# New chicks!



## chickenlover118 (Feb 16, 2013)

On March 3rd 2013 we got 4 black jersey giants and 4 amberlinks!They were sooooooo adorable! Yesterday(March 9th 2013) we found out there were barred rocks for sale! We were happy cuz those were the kind we were trying to get all along! We already had 8 and that was a lot for us! Now today (march10th 2013) we got 3 barred rocks and 3 red pullets! We had to get 6 because the minimum was 6!now we are such a nice happy family! 
Total chicks: 15!

P.S. if any of these become roosters we have to give them away immediately!


----------



## OliviaE (Feb 16, 2013)

Aw so cute!! I love them when they r little  looks like u got a good bunch  GOOD LUCK


----------



## chickenlover118 (Feb 16, 2013)

Awwww thank you!
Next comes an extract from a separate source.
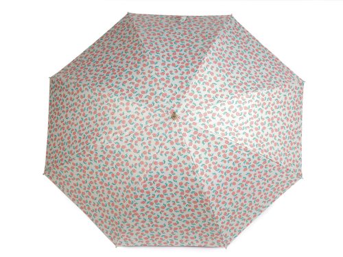 Veľký dámsky dáždnik s potlačou malých kvetov je vystreľovací, konštrukciu má z kovového drôtu a pružných lamiel, ktoré tvoria osem polí.

I think so too!


----------



## OliviaE (Feb 16, 2013)

Yes I can't wait till I get my babies


----------



## 7chicks (Jun 29, 2012)

Sooo cute and fuzzy! Love those baby stages, and the adolescent, and the adult. Okay, so I just love them period!!!


----------



## Energyvet (Jul 25, 2012)

So glad you're happy. I was told I have a buff orp but I'm pretty sure they lied. She's so small.


----------